◆ WHAT TO DO ◆
Without any pictures, copy the records below once more, exactly as they are.

Items from a dataset

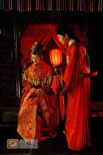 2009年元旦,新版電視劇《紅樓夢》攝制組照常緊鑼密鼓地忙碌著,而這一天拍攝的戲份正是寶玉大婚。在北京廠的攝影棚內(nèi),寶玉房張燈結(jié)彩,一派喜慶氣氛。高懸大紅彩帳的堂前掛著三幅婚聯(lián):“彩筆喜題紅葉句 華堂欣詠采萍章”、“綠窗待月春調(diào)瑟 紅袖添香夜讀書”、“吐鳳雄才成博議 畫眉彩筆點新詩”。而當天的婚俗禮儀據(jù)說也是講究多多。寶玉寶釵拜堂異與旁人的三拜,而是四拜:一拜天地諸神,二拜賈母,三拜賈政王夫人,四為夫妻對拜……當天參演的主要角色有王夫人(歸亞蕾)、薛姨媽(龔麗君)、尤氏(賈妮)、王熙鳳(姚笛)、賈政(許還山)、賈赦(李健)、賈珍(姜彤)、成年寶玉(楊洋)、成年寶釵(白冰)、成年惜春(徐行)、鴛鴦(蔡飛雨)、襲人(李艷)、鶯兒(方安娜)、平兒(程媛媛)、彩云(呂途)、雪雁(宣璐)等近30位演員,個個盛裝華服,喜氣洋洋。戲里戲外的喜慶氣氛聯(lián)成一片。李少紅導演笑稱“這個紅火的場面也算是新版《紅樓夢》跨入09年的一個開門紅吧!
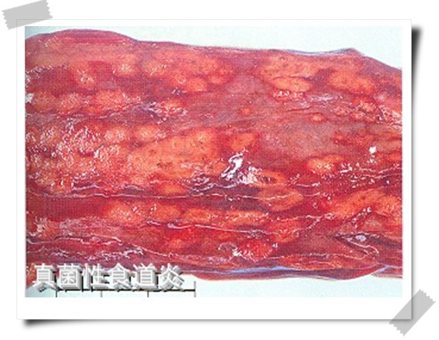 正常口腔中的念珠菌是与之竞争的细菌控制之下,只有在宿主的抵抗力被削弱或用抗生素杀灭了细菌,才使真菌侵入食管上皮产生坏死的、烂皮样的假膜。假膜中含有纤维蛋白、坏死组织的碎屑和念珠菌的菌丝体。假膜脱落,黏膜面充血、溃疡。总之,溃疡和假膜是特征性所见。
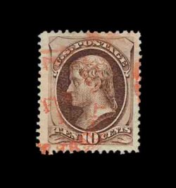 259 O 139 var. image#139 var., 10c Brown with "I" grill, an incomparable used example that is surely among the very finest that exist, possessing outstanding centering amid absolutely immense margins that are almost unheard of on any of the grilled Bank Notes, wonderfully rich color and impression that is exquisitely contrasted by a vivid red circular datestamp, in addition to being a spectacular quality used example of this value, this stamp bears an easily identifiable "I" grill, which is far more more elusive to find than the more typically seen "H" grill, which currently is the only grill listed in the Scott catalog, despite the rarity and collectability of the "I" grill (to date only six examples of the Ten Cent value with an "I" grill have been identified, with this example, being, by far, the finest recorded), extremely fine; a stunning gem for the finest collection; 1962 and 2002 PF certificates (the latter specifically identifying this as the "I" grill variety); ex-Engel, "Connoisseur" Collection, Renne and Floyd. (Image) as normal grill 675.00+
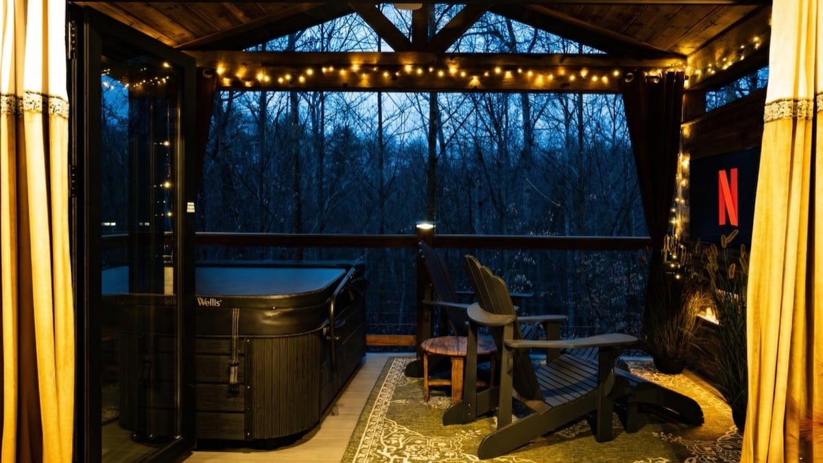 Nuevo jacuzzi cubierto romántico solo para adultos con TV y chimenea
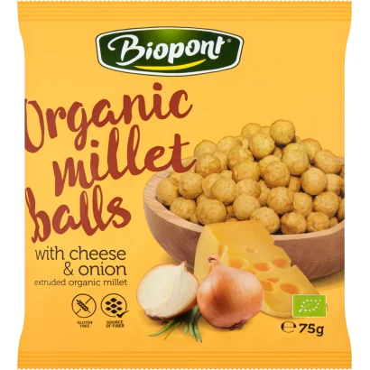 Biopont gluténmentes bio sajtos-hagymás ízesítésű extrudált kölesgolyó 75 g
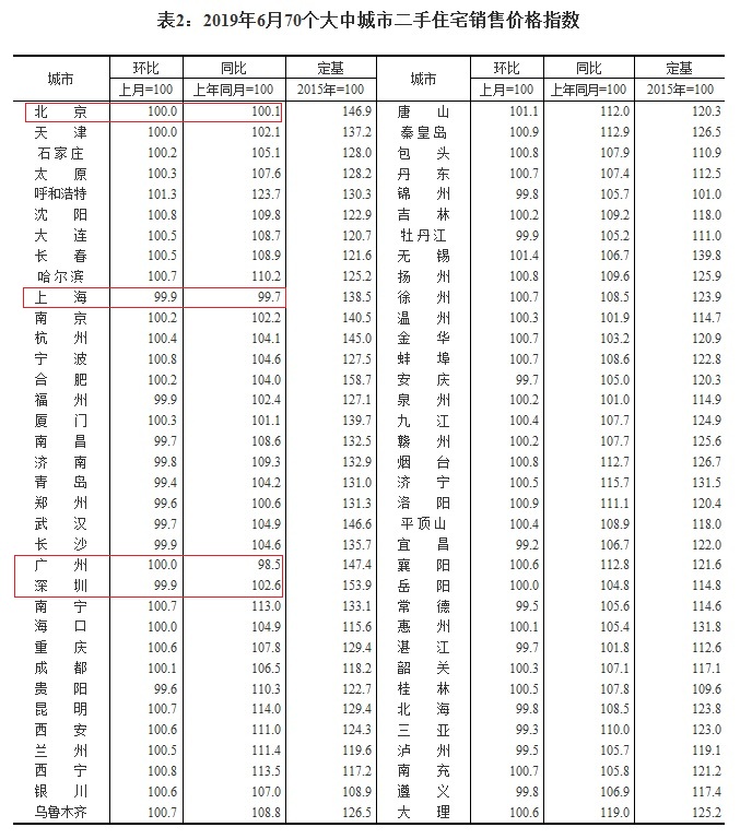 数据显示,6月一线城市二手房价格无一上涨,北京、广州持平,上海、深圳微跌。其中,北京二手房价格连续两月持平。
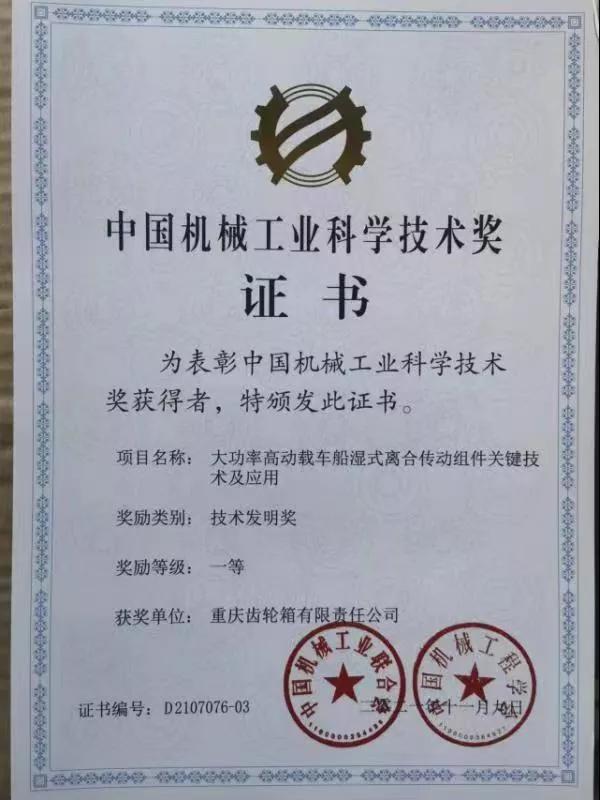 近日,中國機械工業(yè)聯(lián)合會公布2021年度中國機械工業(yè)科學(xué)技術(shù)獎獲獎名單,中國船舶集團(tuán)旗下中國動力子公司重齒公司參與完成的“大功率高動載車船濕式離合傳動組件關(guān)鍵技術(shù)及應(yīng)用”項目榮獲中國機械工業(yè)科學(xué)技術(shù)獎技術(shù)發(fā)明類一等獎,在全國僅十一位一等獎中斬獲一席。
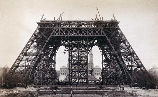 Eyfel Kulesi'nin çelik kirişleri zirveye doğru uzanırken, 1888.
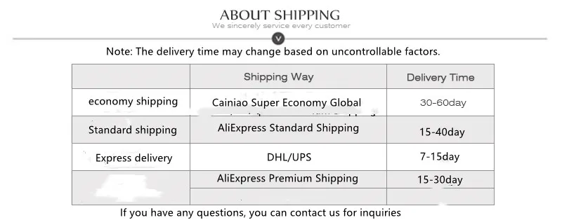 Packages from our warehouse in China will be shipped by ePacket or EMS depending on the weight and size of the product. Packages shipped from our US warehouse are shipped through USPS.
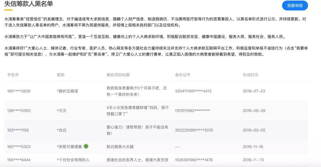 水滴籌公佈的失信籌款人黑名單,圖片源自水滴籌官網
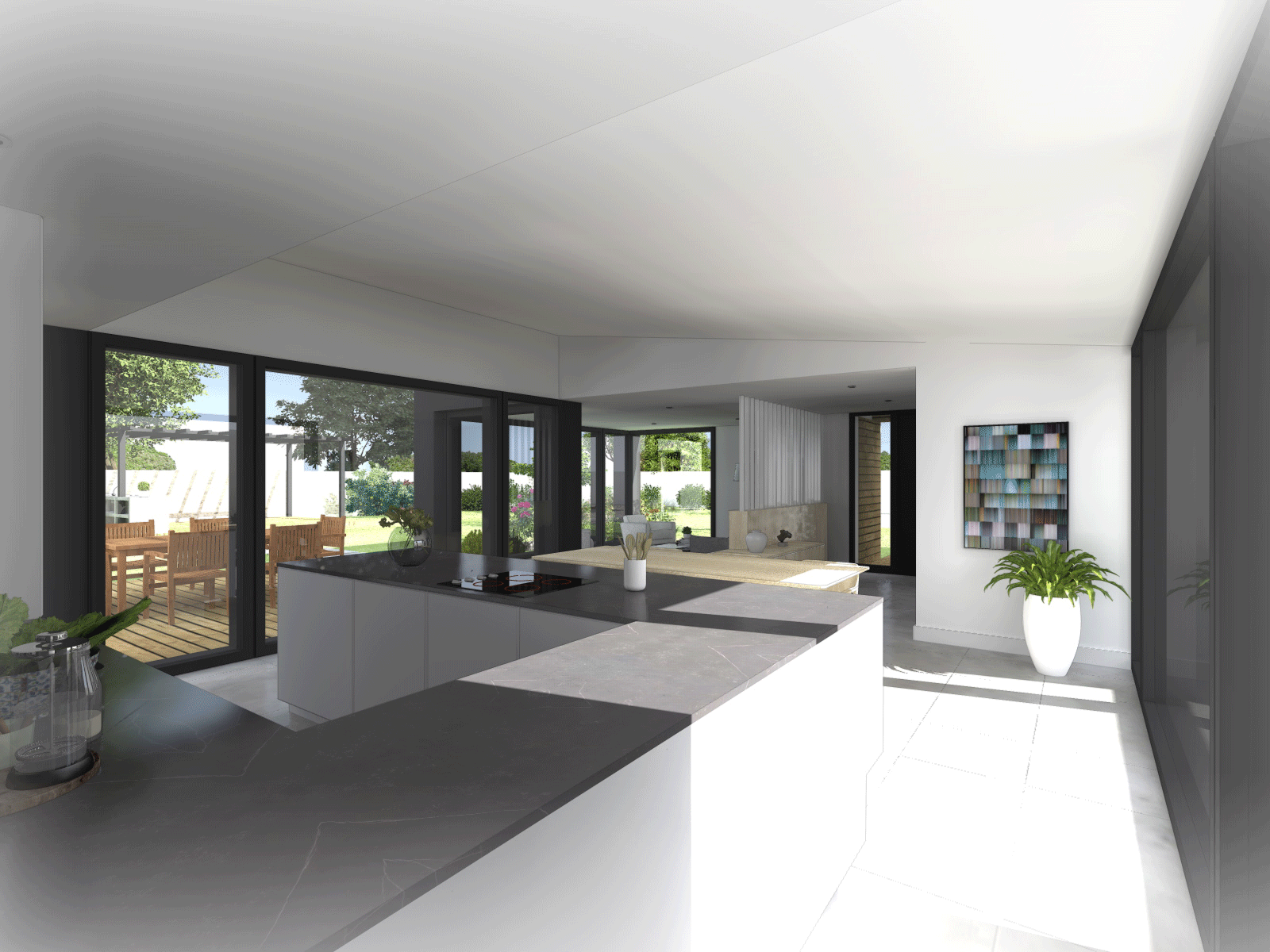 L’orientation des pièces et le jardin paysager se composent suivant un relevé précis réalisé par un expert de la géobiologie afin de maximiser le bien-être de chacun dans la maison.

◆ FINISHED EXERCISE ◆
 2009年元旦,新版電視劇《紅樓夢》攝制組照常緊鑼密鼓地忙碌著,而這一天拍攝的戲份正是寶玉大婚。在北京廠的攝影棚內(nèi),寶玉房張燈結(jié)彩,一派喜慶氣氛。高懸大紅彩帳的堂前掛著三幅婚聯(lián):“彩筆喜題紅葉句 華堂欣詠采萍章”、“綠窗待月春調(diào)瑟 紅袖添香夜讀書”、“吐鳳雄才成博議 畫眉彩筆點新詩”。而當天的婚俗禮儀據(jù)說也是講究多多。寶玉寶釵拜堂異與旁人的三拜,而是四拜:一拜天地諸神,二拜賈母,三拜賈政王夫人,四為夫妻對拜……當天參演的主要角色有王夫人(歸亞蕾)、薛姨媽(龔麗君)、尤氏(賈妮)、王熙鳳(姚笛)、賈政(許還山)、賈赦(李健)、賈珍(姜彤)、成年寶玉(楊洋)、成年寶釵(白冰)、成年惜春(徐行)、鴛鴦(蔡飛雨)、襲人(李艷)、鶯兒(方安娜)、平兒(程媛媛)、彩云(呂途)、雪雁(宣璐)等近30位演員,個個盛裝華服,喜氣洋洋。戲里戲外的喜慶氣氛聯(lián)成一片。李少紅導演笑稱“這個紅火的場面也算是新版《紅樓夢》跨入09年的一個開門紅吧!
 正常口腔中的念珠菌是与之竞争的细菌控制之下,只有在宿主的抵抗力被削弱或用抗生素杀灭了细菌,才使真菌侵入食管上皮产生坏死的、烂皮样的假膜。假膜中含有纤维蛋白、坏死组织的碎屑和念珠菌的菌丝体。假膜脱落,黏膜面充血、溃疡。总之,溃疡和假膜是特征性所见。
 259 O 139 var. image#139 var., 10c Brown with "I" grill, an incomparable used example that is surely among the very finest that exist, possessing outstanding centering amid absolutely immense margins that are almost unheard of on any of the grilled Bank Notes, wonderfully rich color and impression that is exquisitely contrasted by a vivid red circular datestamp, in addition to being a spectacular quality used example of this value, this stamp bears an easily identifiable "I" grill, which is far more more elusive to find than the more typically seen "H" grill, which currently is the only grill listed in the Scott catalog, despite the rarity and collectability of the "I" grill (to date only six examples of the Ten Cent value with an "I" grill have been identified, with this example, being, by far, the finest recorded), extremely fine; a stunning gem for the finest collection; 1962 and 2002 PF certificates (the latter specifically identifying this as the "I" grill variety); ex-Engel, "Connoisseur" Collection, Renne and Floyd. (Image) as normal grill 675.00+
 Nuevo jacuzzi cubierto romántico solo para adultos con TV y chimenea
 Biopont gluténmentes bio sajtos-hagymás ízesítésű extrudált kölesgolyó 75 g
 数据显示,6月一线城市二手房价格无一上涨,北京、广州持平,上海、深圳微跌。其中,北京二手房价格连续两月持平。
 近日,中國機械工業(yè)聯(lián)合會公布2021年度中國機械工業(yè)科學(xué)技術(shù)獎獲獎名單,中國船舶集團(tuán)旗下中國動力子公司重齒公司參與完成的“大功率高動載車船濕式離合傳動組件關(guān)鍵技術(shù)及應(yīng)用”項目榮獲中國機械工業(yè)科學(xué)技術(shù)獎技術(shù)發(fā)明類一等獎,在全國僅十一位一等獎中斬獲一席。
 Eyfel Kulesi'nin çelik kirişleri zirveye doğru uzanırken, 1888.
 Packages from our warehouse in China will be shipped by ePacket or EMS depending on the weight and size of the product. Packages shipped from our US warehouse are shipped through USPS.
 水滴籌公佈的失信籌款人黑名單,圖片源自水滴籌官網
 L’orientation des pièces et le jardin paysager se composent suivant un relevé précis réalisé par un expert de la géobiologie afin de maximiser le bien-être de chacun dans la maison.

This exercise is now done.